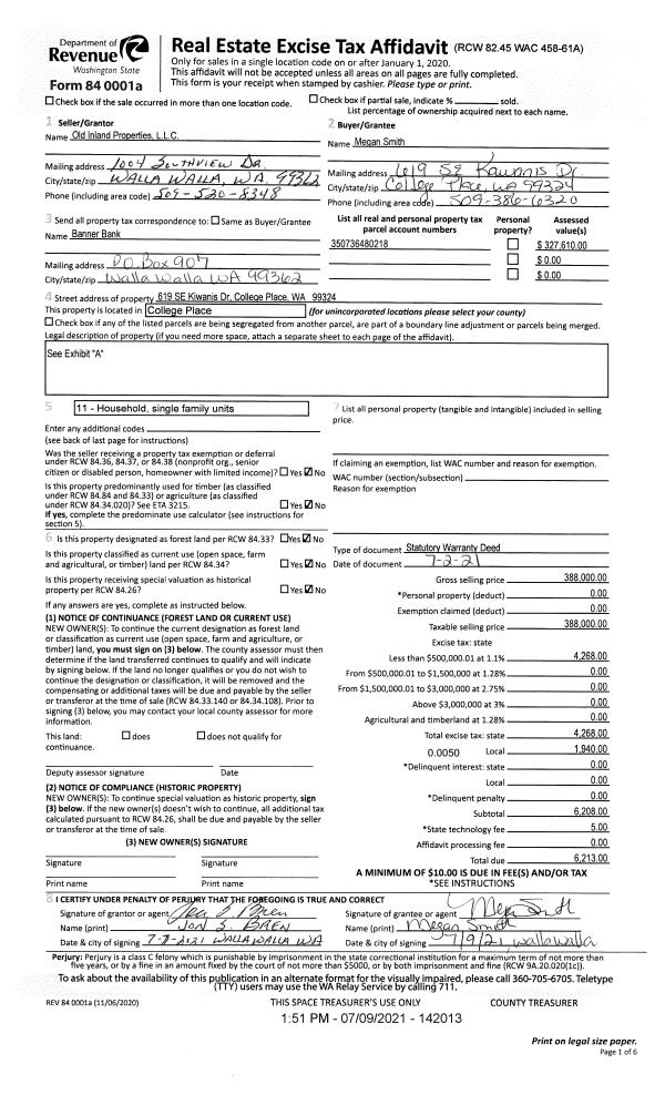 | 1 | 07/09/2021 | SWD | STATUTORY WARRANTY DEED | OLD INLAND PROPERTIES LLC | SMITH MEGAN | | | $388,000.00 | 142013 | 2021-08331 |
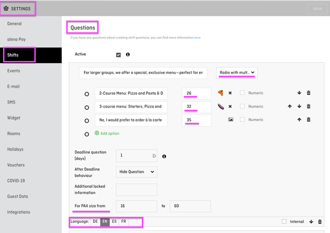 However: If you have aleno Pay active, but want to use the digital signature for specific shifts or events instead of Sell Items, you can just leave the price field empty and let guests sign their pre-ordering digitally without pre-payment.
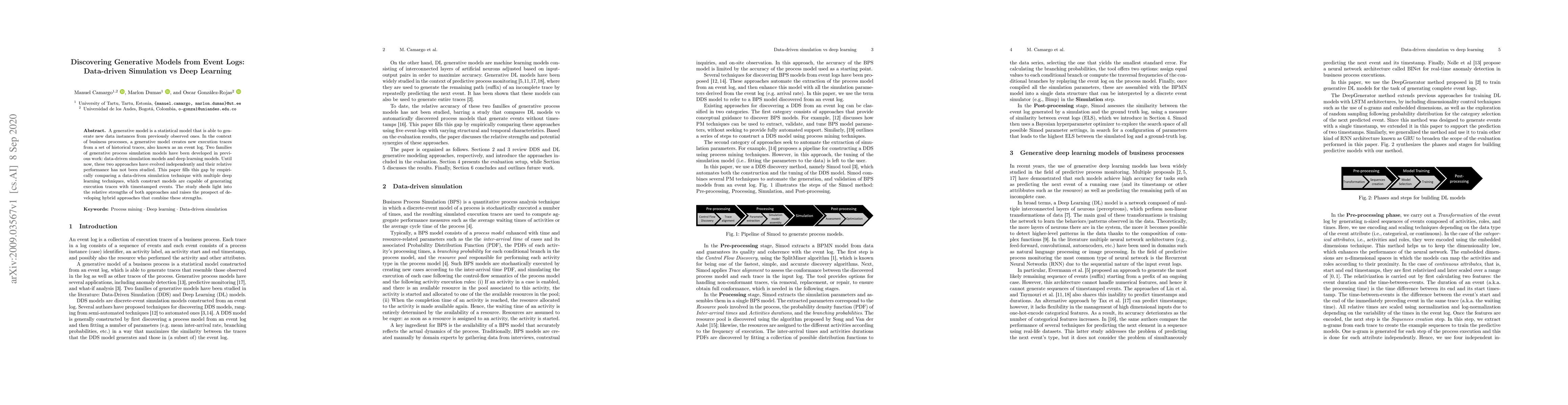 This paper compares data-driven simulation models and deep learning techniques for generating new execution traces from historical event logs in business processes. The study reveals the relative strengths of both approaches and suggests potential for hybrid models that combine their benefits.
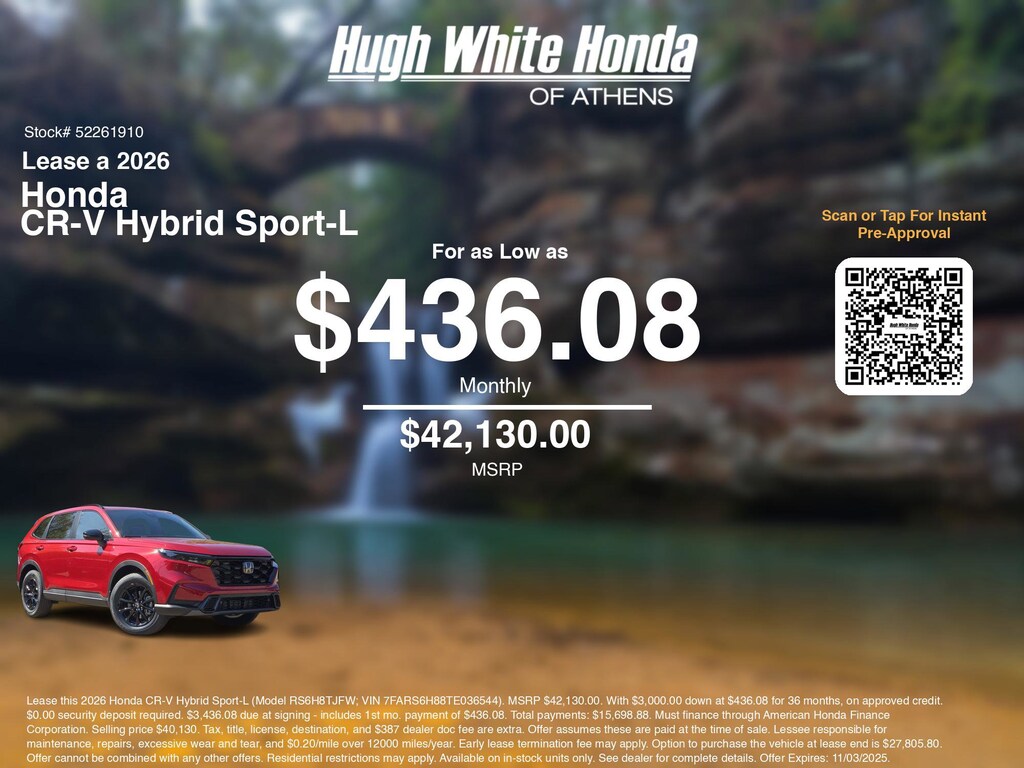 Disclaimer: Lease this 2026 Honda CR-V Hybrid Sport-L (Model RS6H8TJFW; VIN 7FARS6H88TE036544). MSRP $42,130.00. With $3,000.00 down at $436.08 for 36 months, on approved credit. $0.00 security deposit required. $3,436.08 due at signing - includes 1st mo. payment of $436.08. Total payments: $15,698.88. Must finance through American Honda Finance Corporation. Selling price $40,130. Tax, title, license, destination, and $387 dealer doc fee are extra. Offer assumes these are paid at the time of sale. Lessee responsible for maintenance, repairs, excessive wear and tear, and $0.20/mile over 12000 miles/year. Early lease termination fee may apply. Option to purchase the vehicle at lease end is $27,805.80. Offer cannot be combined with any other offers. Residential restrictions may apply. Available on in-stock units only. See dealer for complete details. Offer Expires: 11/03/2025.
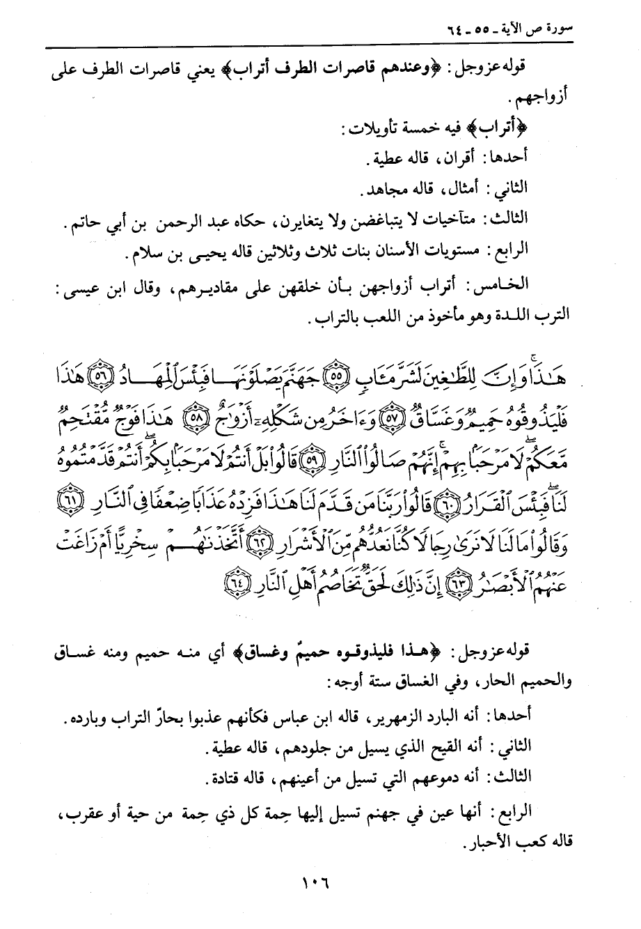 {هذا وإن للطاغين لشر مآب جهنم يصلونها فبئس المهاد هذا فليذوقوه حميم وغساق وآخر من شكله أزواج هذا فوج مقتحم معكم لا مرحبا بهم إنهم صالوا النار قالوا بل أنتم لا مرحبا بكم أنتم قدمتموه لنا فبئس القرار قالوا ربنا من قدم لنا هذا فزده عذابا ضعفا في النار وقالوا ما لنا لا نرى رجالا كنا نعدهم من الأشرار أتخذناهم سخريا أم زاغت عنهم الأبصار إن ذلك لحق تخاصم أهل النار} قوله عز وجل: {هذا فليذوقوه حميمٌ وغساق} أي منه حميم ومنه غساق والحميم الحار , وفي الغساق ستة أوجه: أحدها: أنه البارد الزمهرير , قاله ابن عباس فكأنهم عذبوا بحارّ التراب وبارده. الثاني: أنه القيح الذي يسيل من جلودهم، قاله عطية. الثالث: أنه دموعهم التي تسيل من أعينهم، قاله قتادة. الرابع: أنها عين في جهنم تسيل إليها حِمة كل ذي حِمة من حية أو عقرب، قاله كعب الأحبار.
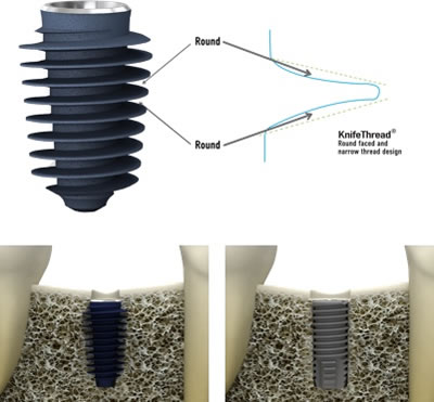 その特徴の一つにナイフスレッドがあります。メガジェンのインプラントはスクリュータイプでインプラント体にネジ山が切られていますが、そのネジ山がナイフのようになっているため、あごの骨を押しつぶすことなく鋭く切り込んでかつ骨を圧縮してます。インプラントがしっかりと骨に固定されます。骨とインプラント体との接触面積が大きければそれだけ骨との結合度合いが大きくなるため、ネジ山の面積を大きくするなどの工夫もなされています。
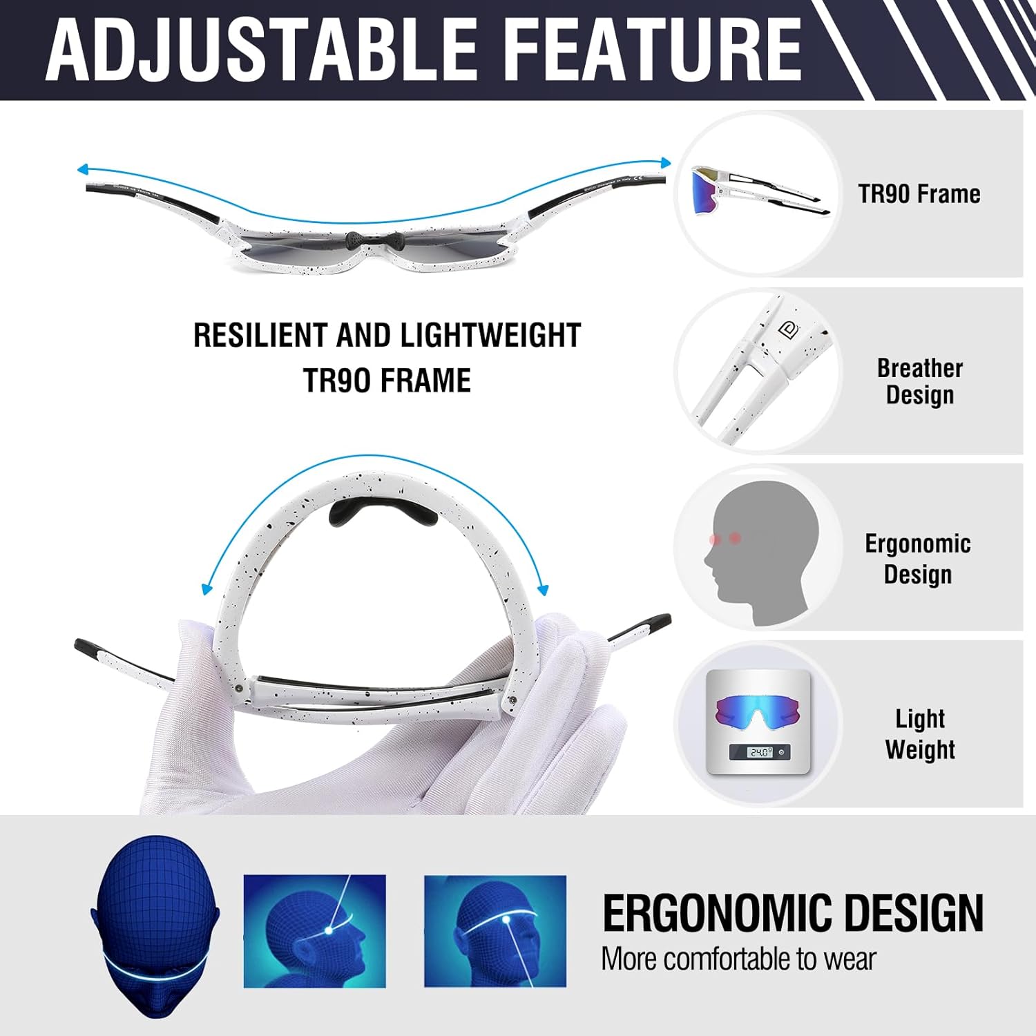【SUPER LIGHTWEIGHT FRAME 】- Made of lightweight and durable TR90 material, not only very lightweight but also extremely durable. You will not feel any discomfort during long time sports activity.

++++++++

Set down the material exactly, every line of it, except for the pictures.

 | 1 | 07/09/2021 | SWD | STATUTORY WARRANTY DEED | OLD INLAND PROPERTIES LLC | SMITH MEGAN | | | $388,000.00 | 142013 | 2021-08331 |
 However: If you have aleno Pay active, but want to use the digital signature for specific shifts or events instead of Sell Items, you can just leave the price field empty and let guests sign their pre-ordering digitally without pre-payment.
 This paper compares data-driven simulation models and deep learning techniques for generating new execution traces from historical event logs in business processes. The study reveals the relative strengths of both approaches and suggests potential for hybrid models that combine their benefits.
 Disclaimer: Lease this 2026 Honda CR-V Hybrid Sport-L (Model RS6H8TJFW; VIN 7FARS6H88TE036544). MSRP $42,130.00. With $3,000.00 down at $436.08 for 36 months, on approved credit. $0.00 security deposit required. $3,436.08 due at signing - includes 1st mo. payment of $436.08. Total payments: $15,698.88. Must finance through American Honda Finance Corporation. Selling price $40,130. Tax, title, license, destination, and $387 dealer doc fee are extra. Offer assumes these are paid at the time of sale. Lessee responsible for maintenance, repairs, excessive wear and tear, and $0.20/mile over 12000 miles/year. Early lease termination fee may apply. Option to purchase the vehicle at lease end is $27,805.80. Offer cannot be combined with any other offers. Residential restrictions may apply. Available on in-stock units only. See dealer for complete details. Offer Expires: 11/03/2025.
 {هذا وإن للطاغين لشر مآب جهنم يصلونها فبئس المهاد هذا فليذوقوه حميم وغساق وآخر من شكله أزواج هذا فوج مقتحم معكم لا مرحبا بهم إنهم صالوا النار قالوا بل أنتم لا مرحبا بكم أنتم قدمتموه لنا فبئس القرار قالوا ربنا من قدم لنا هذا فزده عذابا ضعفا في النار وقالوا ما لنا لا نرى رجالا كنا نعدهم من الأشرار أتخذناهم سخريا أم زاغت عنهم الأبصار إن ذلك لحق تخاصم أهل النار} قوله عز وجل: {هذا فليذوقوه حميمٌ وغساق} أي منه حميم ومنه غساق والحميم الحار , وفي الغساق ستة أوجه: أحدها: أنه البارد الزمهرير , قاله ابن عباس فكأنهم عذبوا بحارّ التراب وبارده. الثاني: أنه القيح الذي يسيل من جلودهم، قاله عطية. الثالث: أنه دموعهم التي تسيل من أعينهم، قاله قتادة. الرابع: أنها عين في جهنم تسيل إليها حِمة كل ذي حِمة من حية أو عقرب، قاله كعب الأحبار.
 その特徴の一つにナイフスレッドがあります。メガジェンのインプラントはスクリュータイプでインプラント体にネジ山が切られていますが、そのネジ山がナイフのようになっているため、あごの骨を押しつぶすことなく鋭く切り込んでかつ骨を圧縮してます。インプラントがしっかりと骨に固定されます。骨とインプラント体との接触面積が大きければそれだけ骨との結合度合いが大きくなるため、ネジ山の面積を大きくするなどの工夫もなされています。
【SUPER LIGHTWEIGHT FRAME 】- Made of lightweight and durable TR90 material, not only very lightweight but also extremely durable. You will not feel any discomfort during long time sports activity.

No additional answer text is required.